Part 22 - ASM Program 1 [Moving Immediate Data]

For a complete table of contents of all the lessons please click below as it will give you a brief of each lesson in addition to the topics it will cover. https://github.com/mytechnotalent/Reverse-Engineering-Tutorial

I appreciate everyone being patient as it has taken 21 lessons to get to our first ASM program however very necessary background had to be covered in order to fully understand where we begin when developing assembly language.

We are going to create 32-bit assembly programs as most malware is written in 32-bit mode in order to attack the maximum amount of systems possible. Keep in mind even though most of us ALL have 64-bit operating systems, 32-bit programs can run on them.

For the most part we have been working with Intel syntax when it comes to assembly however I am going to focus on the native AT&T syntax going forward. It is very easy to convert back and forth between Intel and AT&T syntax as I have demonstrated in prior tutorials.

Every assembly language program is divided into three sections:

1)Data Section: This section is used for declaring initialized data or constants as this data does not ever change at runtime. You can declare constant values, buffer sizes, file names, etc.

2)BSS Section: This section is used for declaring uninitialized data or variables.

3)Text Section: This section is used for the actual code sections as it begins with a global _start which tells the kernel where execution begins.

Critical to any development is the use of comments. In the AT&T syntax we use use the # symbol to declare a comment as any data after that symbol on a respective line will be ignored by the compiler.

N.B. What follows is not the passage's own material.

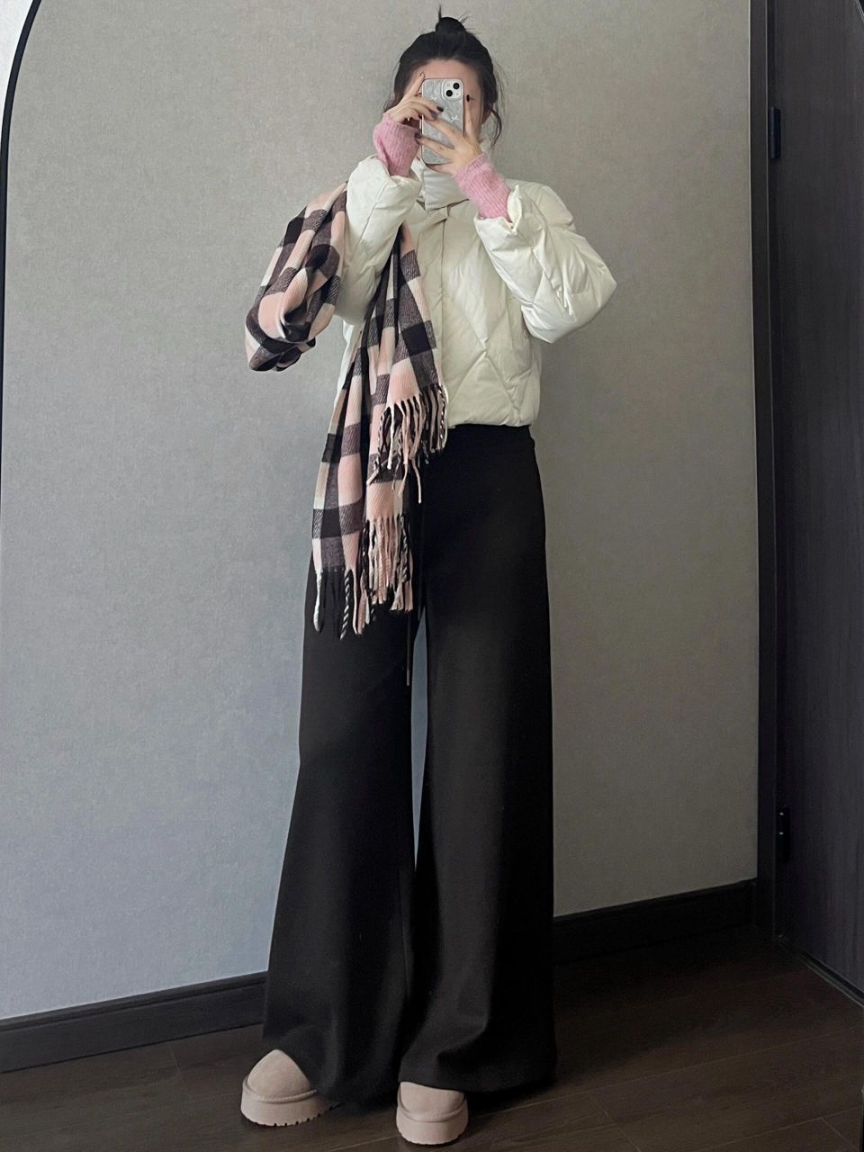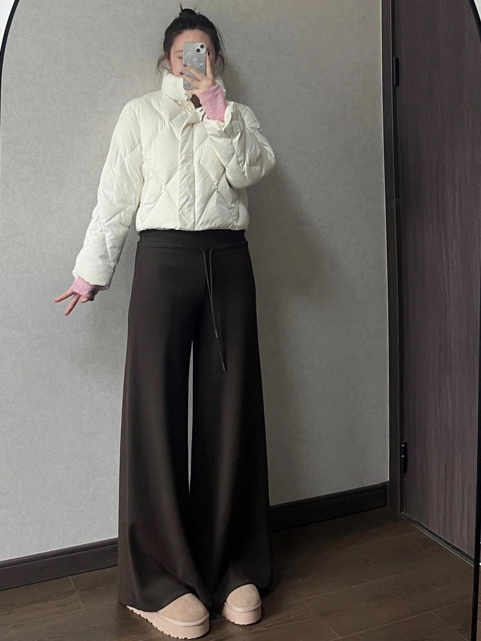 上短下长穿衣法则,超显瘦! 很喜欢的裤子呀~预计还会发很多次,我又囤了条灰色同款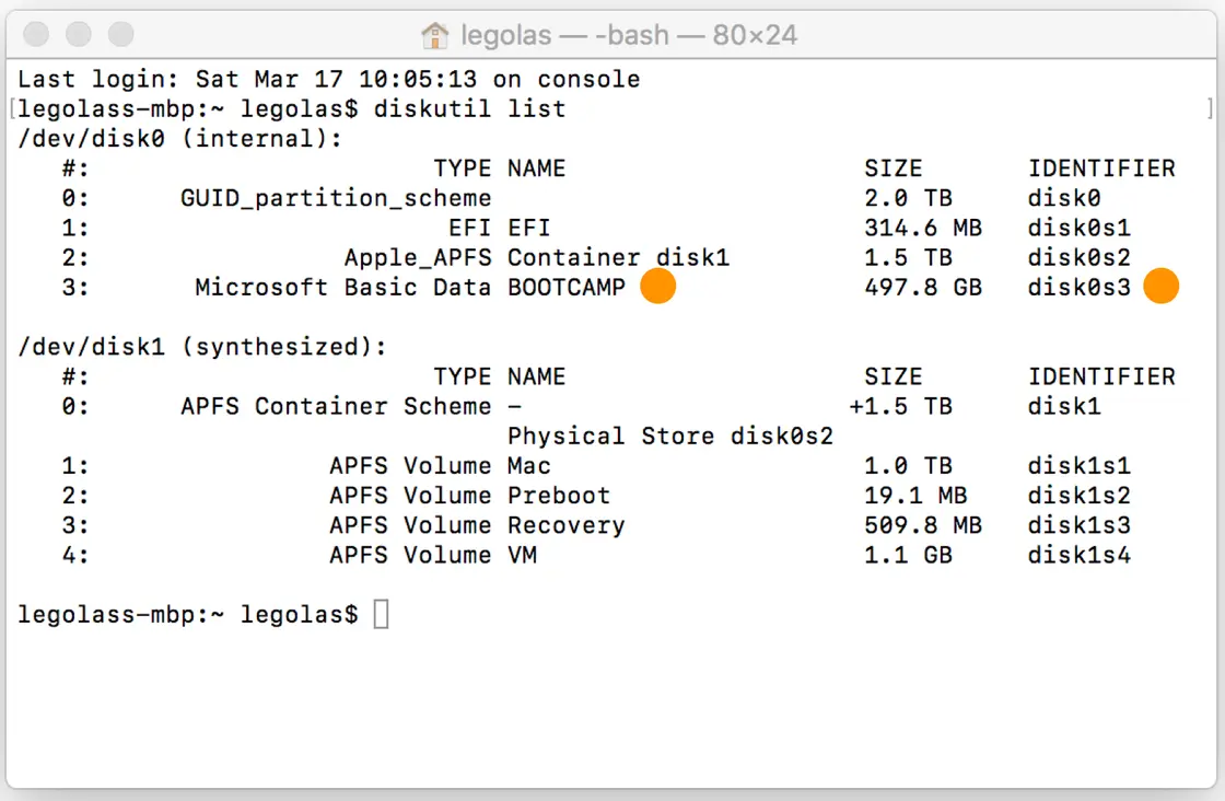 若你的电脑是 iMac 的 Fusion Drive 版本,那么你的电脑中则会有两块物理磁盘,BOOTCAMP 一般会默认使用第二块硬盘,此时你的 BOOTCAMP 盘符就会变成 disk1s4 这类格式,这里的数字 1 代表着电脑中的第二个物理磁盘,数字 4,代表着 BOOTCAMP 处在这块磁盘中的第四个分区。

Keep in mind, assembly language statements are entered in one statement per line as you do not have to end the line with a semicolon like many other languages. The structure of a statement is as follows:

[label] mnemonic [operands] [comment]

A basic instruction has two parts of which the first one is the name of the instruction or the mnemonic which is executed and the second part is the operands or parameters of the command.

Our first program will demonstrate how to move immediate data to a register and immediate data to memory.

Lets open VIM and create a program called moving_immediate_data.s and type the following:

To compile you type:

as –32 -o moving_immediate_data.o moving_immediate_data.s

ld -m elf_i386 -o moving_immediate_data moving_immediate_data.o

To run you type:

./moving_immediate_data

I would like to show you what it would look like in Intel syntax as well. Before we examine this part you will need to type sudo apt-get install nasm in a command prompt which will install the Netwide Assembler:

To compile you type:

nasm -f elf32 moving_immediate_data.asm

ld -m elf_i386 -o moving_immediate_data moving_immediate_data.o

To run you type:

./moving_immediate_data

Ok what the heck! There is no output! That is correct and you did not do anything wrong. Many of our programs will not actually do anything as they are not much more than sandbox programs that we will use in GDB for analysis and manipulation.

Next week we will dive into the GNU GDB debugger and see what is going on under the hood.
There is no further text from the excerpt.